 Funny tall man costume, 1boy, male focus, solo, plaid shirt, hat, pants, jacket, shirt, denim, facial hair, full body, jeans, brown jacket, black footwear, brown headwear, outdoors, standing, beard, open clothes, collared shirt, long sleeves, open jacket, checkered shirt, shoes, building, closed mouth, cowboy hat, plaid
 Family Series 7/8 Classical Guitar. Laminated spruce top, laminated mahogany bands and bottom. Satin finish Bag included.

★ ★ ★ ★ ★ ★ ★

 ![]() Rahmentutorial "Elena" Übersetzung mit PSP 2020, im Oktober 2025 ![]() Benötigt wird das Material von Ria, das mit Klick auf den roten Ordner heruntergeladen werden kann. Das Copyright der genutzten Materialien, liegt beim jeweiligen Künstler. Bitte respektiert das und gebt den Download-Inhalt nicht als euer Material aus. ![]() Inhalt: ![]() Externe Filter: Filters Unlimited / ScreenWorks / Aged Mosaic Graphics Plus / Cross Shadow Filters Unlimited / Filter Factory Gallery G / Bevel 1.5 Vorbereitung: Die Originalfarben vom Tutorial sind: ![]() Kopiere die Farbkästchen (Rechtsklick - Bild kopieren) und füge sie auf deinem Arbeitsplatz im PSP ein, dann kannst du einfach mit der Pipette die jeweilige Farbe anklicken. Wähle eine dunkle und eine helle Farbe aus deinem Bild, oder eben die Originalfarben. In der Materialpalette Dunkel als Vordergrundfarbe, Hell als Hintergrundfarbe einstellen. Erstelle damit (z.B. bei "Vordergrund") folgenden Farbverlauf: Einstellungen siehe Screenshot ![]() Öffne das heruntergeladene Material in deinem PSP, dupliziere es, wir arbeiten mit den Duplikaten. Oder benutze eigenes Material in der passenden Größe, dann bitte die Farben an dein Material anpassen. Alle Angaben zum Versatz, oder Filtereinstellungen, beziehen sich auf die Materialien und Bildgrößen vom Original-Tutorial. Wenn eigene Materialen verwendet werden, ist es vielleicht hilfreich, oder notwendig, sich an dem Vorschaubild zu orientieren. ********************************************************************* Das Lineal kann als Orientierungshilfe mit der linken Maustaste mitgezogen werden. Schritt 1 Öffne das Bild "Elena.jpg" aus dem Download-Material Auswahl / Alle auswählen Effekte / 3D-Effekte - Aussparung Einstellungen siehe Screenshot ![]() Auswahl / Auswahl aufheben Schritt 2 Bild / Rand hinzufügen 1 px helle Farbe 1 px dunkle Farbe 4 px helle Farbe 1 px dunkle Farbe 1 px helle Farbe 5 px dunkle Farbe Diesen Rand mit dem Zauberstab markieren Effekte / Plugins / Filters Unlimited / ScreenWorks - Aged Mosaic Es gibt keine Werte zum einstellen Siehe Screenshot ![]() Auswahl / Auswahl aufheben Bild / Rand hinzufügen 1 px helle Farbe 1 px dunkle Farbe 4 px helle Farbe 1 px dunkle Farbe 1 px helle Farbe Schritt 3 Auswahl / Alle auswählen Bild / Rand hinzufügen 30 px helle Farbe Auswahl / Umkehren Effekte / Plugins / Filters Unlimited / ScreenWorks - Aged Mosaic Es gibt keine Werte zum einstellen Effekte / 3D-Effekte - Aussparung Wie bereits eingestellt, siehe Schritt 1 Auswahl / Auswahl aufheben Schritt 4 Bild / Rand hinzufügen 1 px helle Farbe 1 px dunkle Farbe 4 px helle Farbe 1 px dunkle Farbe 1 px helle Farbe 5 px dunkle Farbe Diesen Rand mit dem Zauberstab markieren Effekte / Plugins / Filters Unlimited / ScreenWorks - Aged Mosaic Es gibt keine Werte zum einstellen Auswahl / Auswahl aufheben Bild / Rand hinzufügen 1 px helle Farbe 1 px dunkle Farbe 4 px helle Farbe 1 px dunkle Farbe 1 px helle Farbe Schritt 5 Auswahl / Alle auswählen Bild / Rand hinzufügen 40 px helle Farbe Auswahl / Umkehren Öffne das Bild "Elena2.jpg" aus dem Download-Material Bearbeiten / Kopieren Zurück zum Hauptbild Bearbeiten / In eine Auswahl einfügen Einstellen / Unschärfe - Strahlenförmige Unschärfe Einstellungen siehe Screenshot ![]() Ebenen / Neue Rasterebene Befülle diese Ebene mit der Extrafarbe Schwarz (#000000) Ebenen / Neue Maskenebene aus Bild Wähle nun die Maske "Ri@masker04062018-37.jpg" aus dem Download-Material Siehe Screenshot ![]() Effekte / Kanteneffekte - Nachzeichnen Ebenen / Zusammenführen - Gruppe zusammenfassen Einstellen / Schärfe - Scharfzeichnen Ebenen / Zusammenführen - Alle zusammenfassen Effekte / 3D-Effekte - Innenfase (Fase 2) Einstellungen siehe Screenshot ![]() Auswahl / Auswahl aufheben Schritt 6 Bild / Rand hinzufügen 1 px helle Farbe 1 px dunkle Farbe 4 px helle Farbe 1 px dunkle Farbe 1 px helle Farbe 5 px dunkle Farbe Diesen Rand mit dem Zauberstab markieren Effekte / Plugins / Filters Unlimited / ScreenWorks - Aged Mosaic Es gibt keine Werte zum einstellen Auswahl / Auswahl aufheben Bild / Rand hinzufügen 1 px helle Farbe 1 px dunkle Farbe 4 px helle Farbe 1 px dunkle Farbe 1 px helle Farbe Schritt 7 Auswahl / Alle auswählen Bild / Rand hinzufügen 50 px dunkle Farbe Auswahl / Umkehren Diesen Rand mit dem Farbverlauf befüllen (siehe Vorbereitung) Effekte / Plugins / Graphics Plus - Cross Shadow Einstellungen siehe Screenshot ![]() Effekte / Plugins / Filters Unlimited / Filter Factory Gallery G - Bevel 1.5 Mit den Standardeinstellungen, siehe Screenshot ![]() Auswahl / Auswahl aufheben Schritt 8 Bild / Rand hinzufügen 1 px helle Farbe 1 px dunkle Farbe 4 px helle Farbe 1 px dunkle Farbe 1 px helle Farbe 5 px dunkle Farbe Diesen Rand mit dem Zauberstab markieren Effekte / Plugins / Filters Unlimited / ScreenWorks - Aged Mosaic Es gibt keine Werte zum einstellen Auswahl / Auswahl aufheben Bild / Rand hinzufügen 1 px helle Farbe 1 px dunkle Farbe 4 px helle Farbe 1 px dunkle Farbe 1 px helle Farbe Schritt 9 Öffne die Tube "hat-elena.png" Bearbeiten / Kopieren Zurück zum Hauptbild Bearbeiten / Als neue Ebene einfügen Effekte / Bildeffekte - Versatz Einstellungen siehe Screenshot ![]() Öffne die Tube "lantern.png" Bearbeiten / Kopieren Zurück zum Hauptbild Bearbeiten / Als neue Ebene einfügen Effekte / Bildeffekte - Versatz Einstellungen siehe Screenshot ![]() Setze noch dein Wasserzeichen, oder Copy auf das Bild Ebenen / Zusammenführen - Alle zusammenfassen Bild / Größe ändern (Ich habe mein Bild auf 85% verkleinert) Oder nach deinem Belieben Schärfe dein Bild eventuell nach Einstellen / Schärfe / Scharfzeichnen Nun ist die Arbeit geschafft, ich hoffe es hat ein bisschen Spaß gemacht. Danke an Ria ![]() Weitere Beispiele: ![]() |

★ ★ ★ ★ ★ ★ ★

§ **About this exercise**: Could you restate word for word the lines above, from the one that contains "Funny tall man" through the one that contains "Family Series 7/8", and no others?

§ **Answer to the exercise**:
 Funny tall man costume, 1boy, male focus, solo, plaid shirt, hat, pants, jacket, shirt, denim, facial hair, full body, jeans, brown jacket, black footwear, brown headwear, outdoors, standing, beard, open clothes, collared shirt, long sleeves, open jacket, checkered shirt, shoes, building, closed mouth, cowboy hat, plaid
 Family Series 7/8 Classical Guitar. Laminated spruce top, laminated mahogany bands and bottom. Satin finish Bag included.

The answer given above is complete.